::: Working data

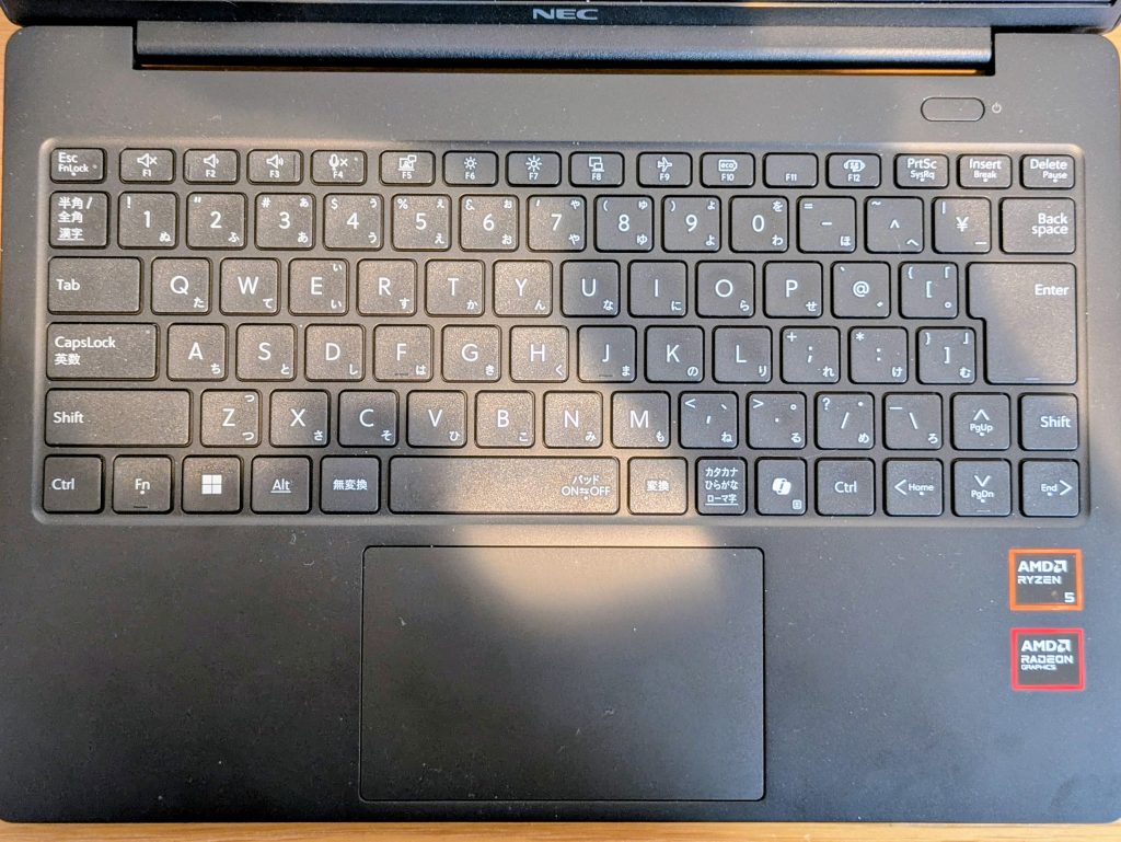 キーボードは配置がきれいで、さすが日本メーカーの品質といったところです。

::::::
::: Working data

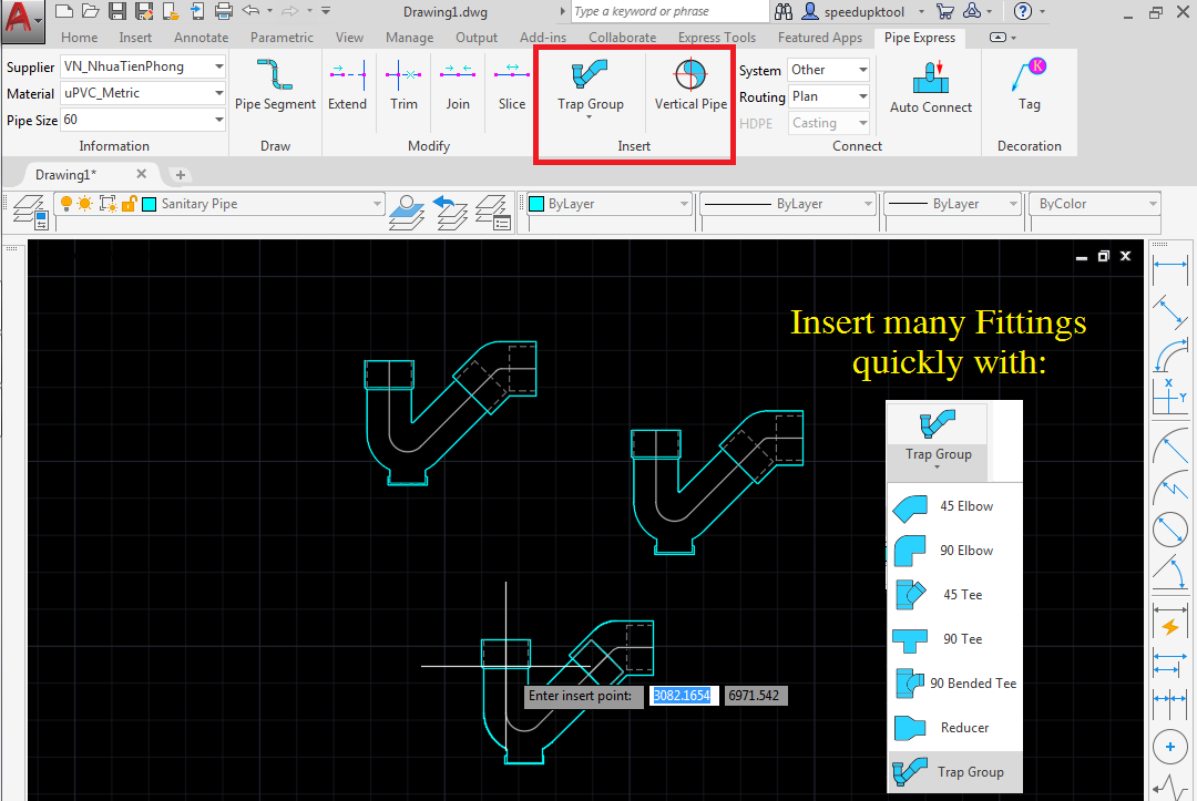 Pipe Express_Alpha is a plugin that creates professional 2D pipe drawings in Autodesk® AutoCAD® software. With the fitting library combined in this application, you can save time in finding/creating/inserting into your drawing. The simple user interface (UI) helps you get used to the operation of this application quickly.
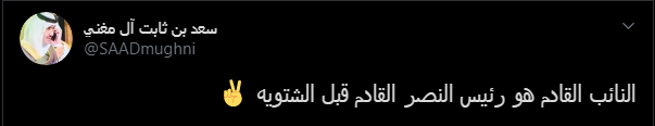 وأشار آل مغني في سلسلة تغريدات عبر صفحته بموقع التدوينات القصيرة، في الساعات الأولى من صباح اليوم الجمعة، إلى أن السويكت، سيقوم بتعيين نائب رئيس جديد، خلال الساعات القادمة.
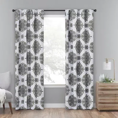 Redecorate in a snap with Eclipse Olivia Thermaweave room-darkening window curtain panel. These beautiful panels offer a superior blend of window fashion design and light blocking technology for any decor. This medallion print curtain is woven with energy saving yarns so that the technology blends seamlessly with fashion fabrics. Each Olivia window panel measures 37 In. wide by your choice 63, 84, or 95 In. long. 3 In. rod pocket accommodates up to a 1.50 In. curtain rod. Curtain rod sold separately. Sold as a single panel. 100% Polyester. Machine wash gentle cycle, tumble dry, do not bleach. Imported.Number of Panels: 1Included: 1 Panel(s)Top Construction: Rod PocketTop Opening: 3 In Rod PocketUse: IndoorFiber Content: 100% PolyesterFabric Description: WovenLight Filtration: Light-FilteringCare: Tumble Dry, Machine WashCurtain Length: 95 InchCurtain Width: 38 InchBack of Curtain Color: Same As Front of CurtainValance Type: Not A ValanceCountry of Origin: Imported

::::::
::: Working data

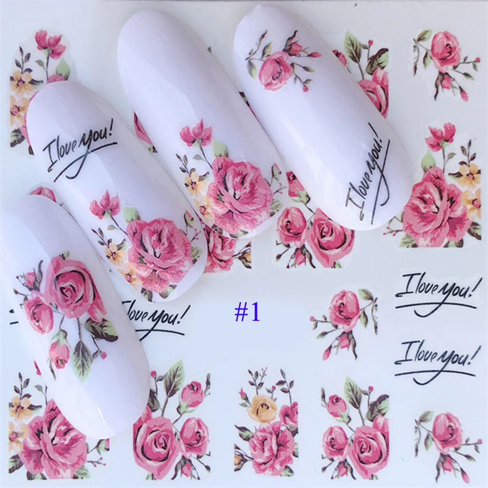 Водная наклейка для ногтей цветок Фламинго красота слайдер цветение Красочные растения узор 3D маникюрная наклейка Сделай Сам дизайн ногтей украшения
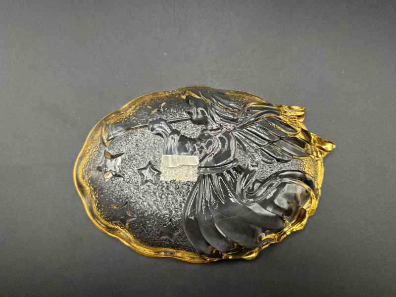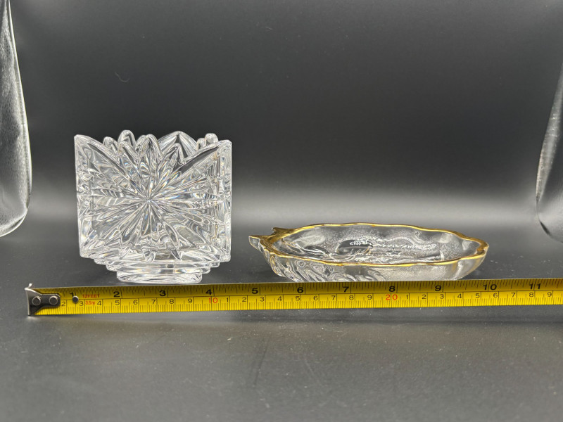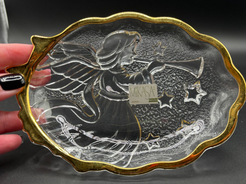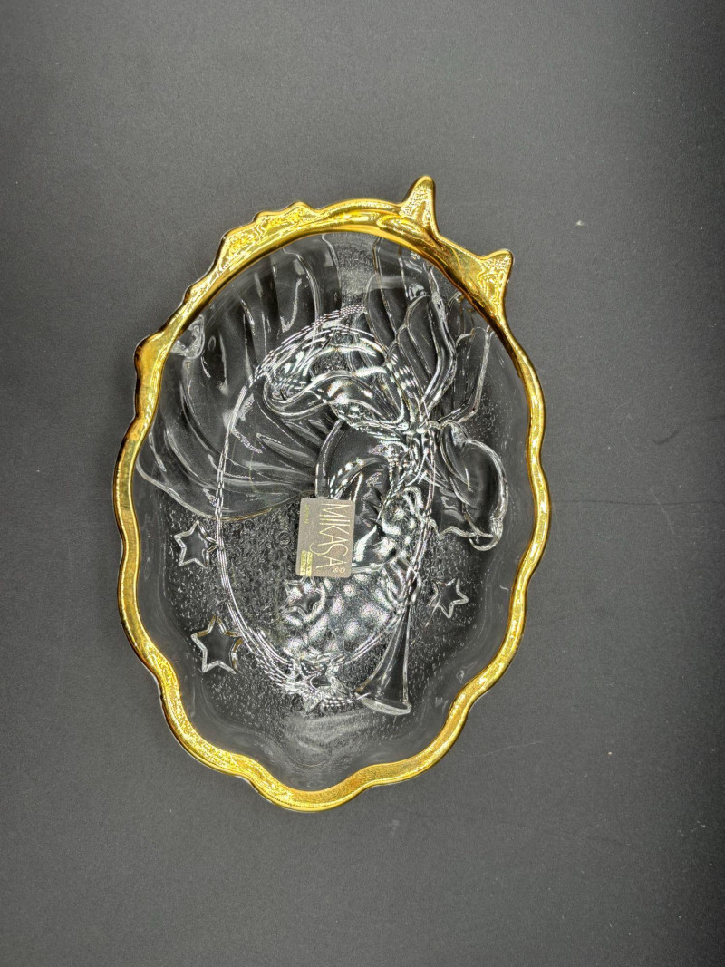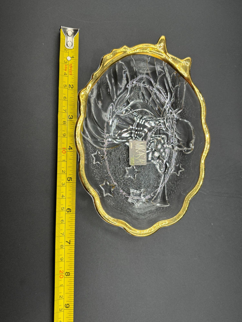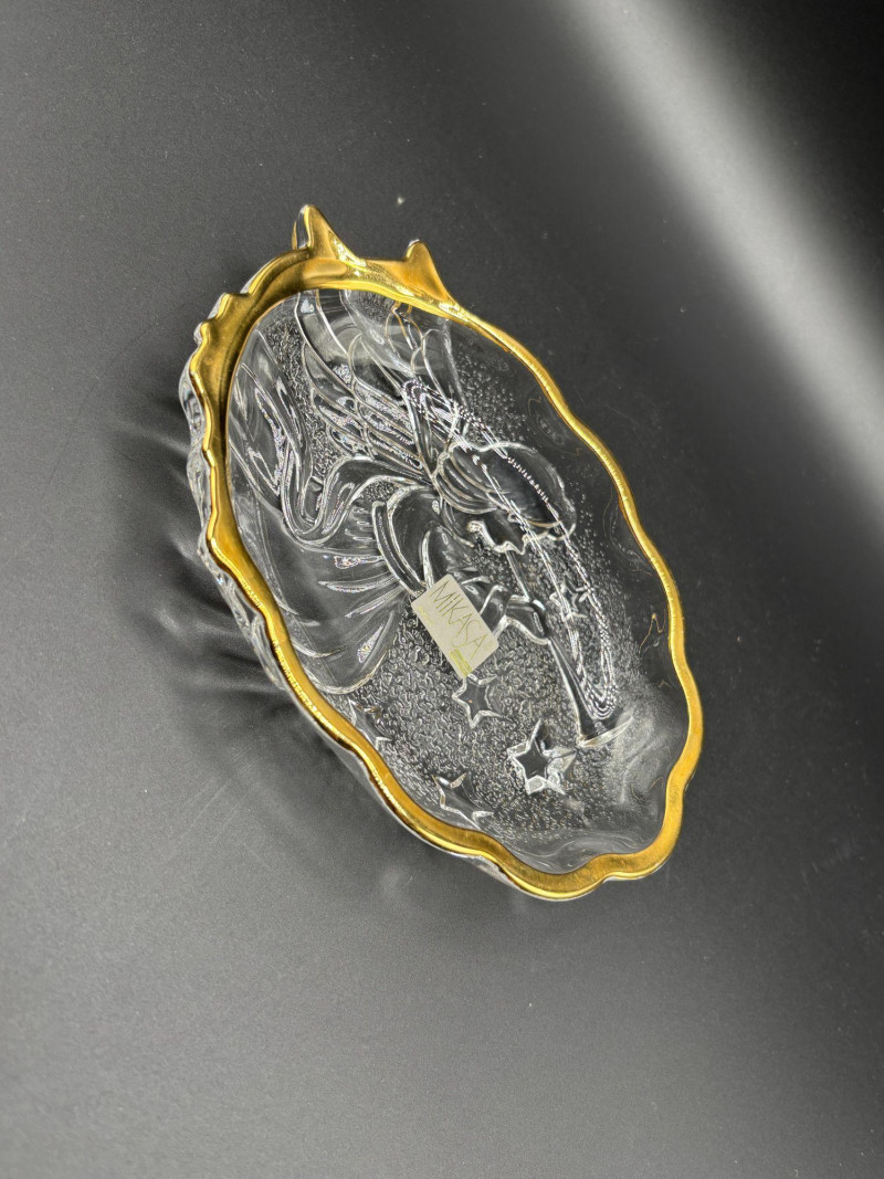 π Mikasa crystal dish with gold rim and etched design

::::::

# [Exercise goal]
When you reach the line with "Pipe Express_Alpha is" in the records above, begin repeating the lines exactly, and stop after the line with "وأشار آل مغني". Skip all pictures.

# [Answer box]
 Pipe Express_Alpha is a plugin that creates professional 2D pipe drawings in Autodesk® AutoCAD® software. With the fitting library combined in this application, you can save time in finding/creating/inserting into your drawing. The simple user interface (UI) helps you get used to the operation of this application quickly.
 وأشار آل مغني في سلسلة تغريدات عبر صفحته بموقع التدوينات القصيرة، في الساعات الأولى من صباح اليوم الجمعة، إلى أن السويكت، سيقوم بتعيين نائب رئيس جديد، خلال الساعات القادمة.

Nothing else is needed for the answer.